Your objective
Once you find the line with "않습니다. (달력c/g) 그..." in the entries below, print it and each line after it up to and including the line with "Käytetyt renkaat, jonkun", exactly, without pictures.

Exercise material
──────────

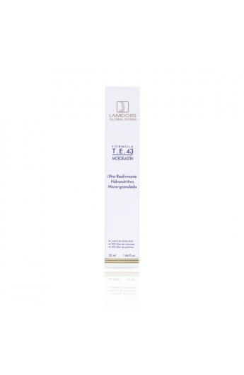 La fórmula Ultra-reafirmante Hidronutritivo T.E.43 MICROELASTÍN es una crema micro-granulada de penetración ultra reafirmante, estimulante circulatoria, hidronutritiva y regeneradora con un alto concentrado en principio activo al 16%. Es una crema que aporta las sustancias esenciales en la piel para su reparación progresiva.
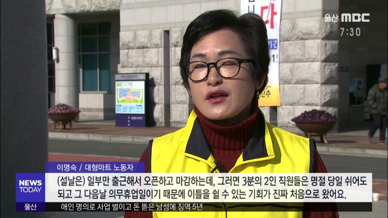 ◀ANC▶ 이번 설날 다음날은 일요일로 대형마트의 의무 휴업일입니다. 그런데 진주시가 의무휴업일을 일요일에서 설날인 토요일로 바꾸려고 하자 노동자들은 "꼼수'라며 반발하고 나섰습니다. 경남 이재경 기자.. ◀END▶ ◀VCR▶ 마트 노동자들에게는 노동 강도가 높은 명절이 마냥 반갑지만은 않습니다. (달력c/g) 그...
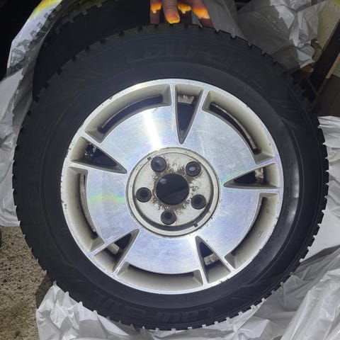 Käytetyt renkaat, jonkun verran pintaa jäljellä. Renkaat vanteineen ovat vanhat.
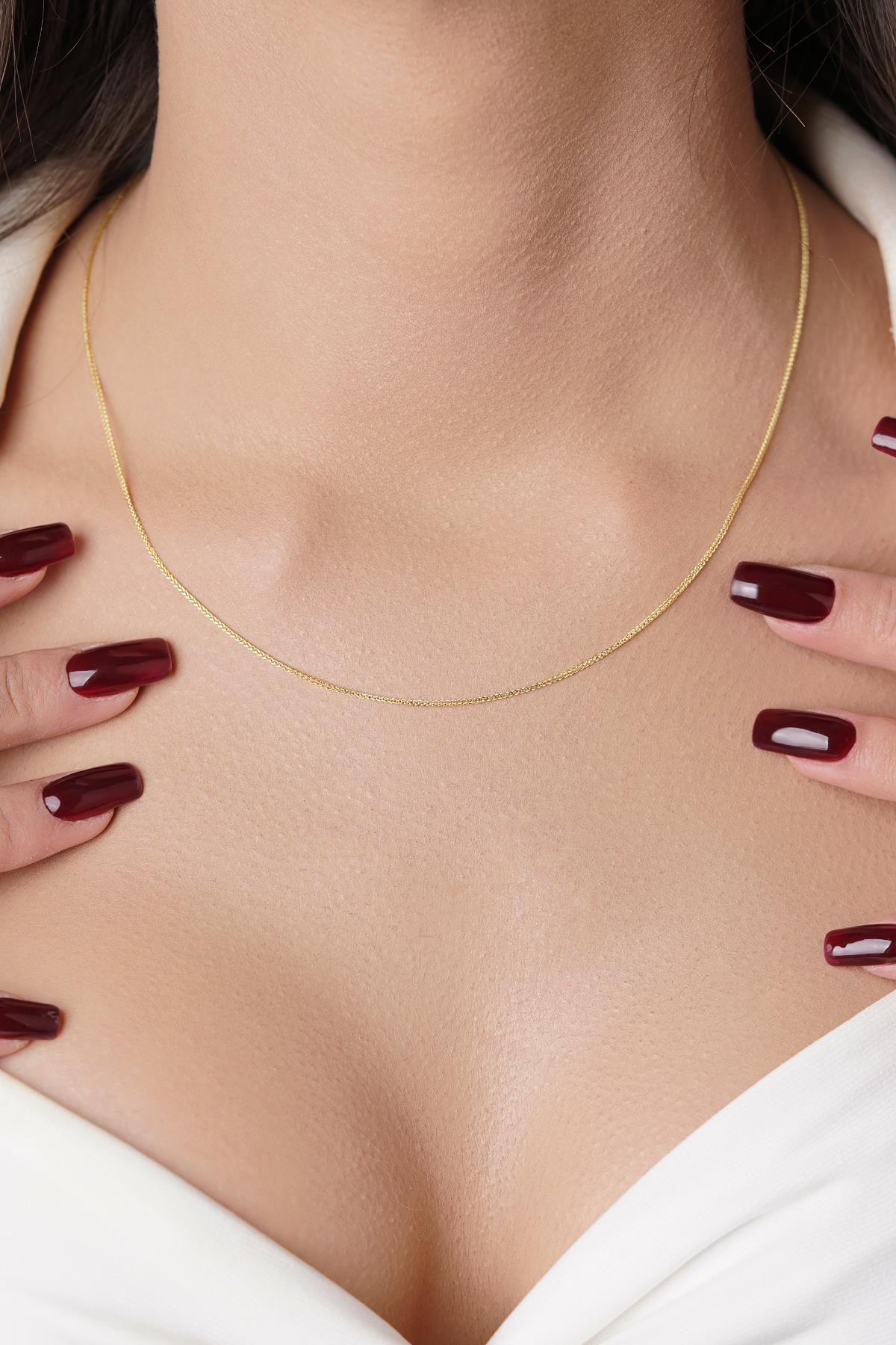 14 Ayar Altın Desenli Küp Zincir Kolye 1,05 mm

──────────

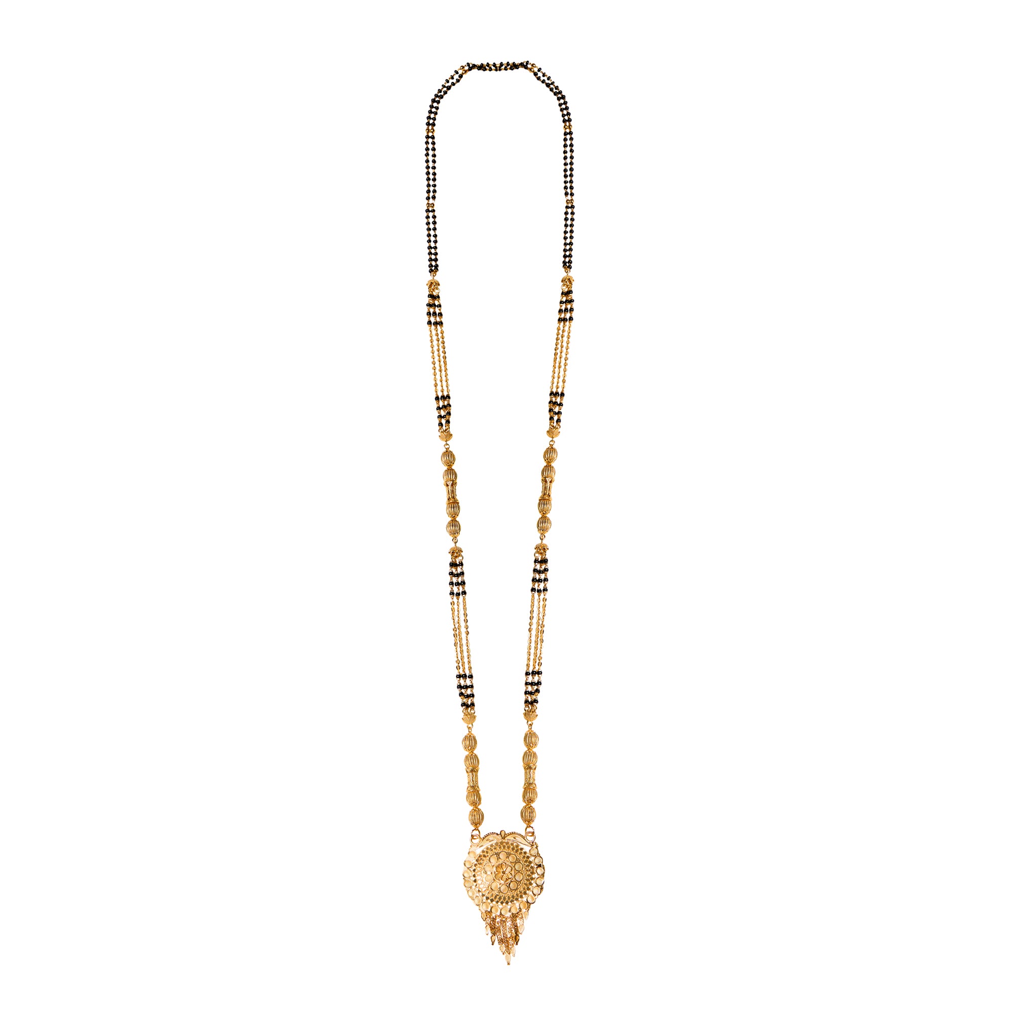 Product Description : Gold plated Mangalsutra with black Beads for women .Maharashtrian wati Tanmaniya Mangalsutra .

──────────

Task response
 ◀ANC▶ 이번 설날 다음날은 일요일로 대형마트의 의무 휴업일입니다. 그런데 진주시가 의무휴업일을 일요일에서 설날인 토요일로 바꾸려고 하자 노동자들은 "꼼수'라며 반발하고 나섰습니다. 경남 이재경 기자.. ◀END▶ ◀VCR▶ 마트 노동자들에게는 노동 강도가 높은 명절이 마냥 반갑지만은 않습니다. (달력c/g) 그...
 Käytetyt renkaat, jonkun verran pintaa jäljellä. Renkaat vanteineen ovat vanhat.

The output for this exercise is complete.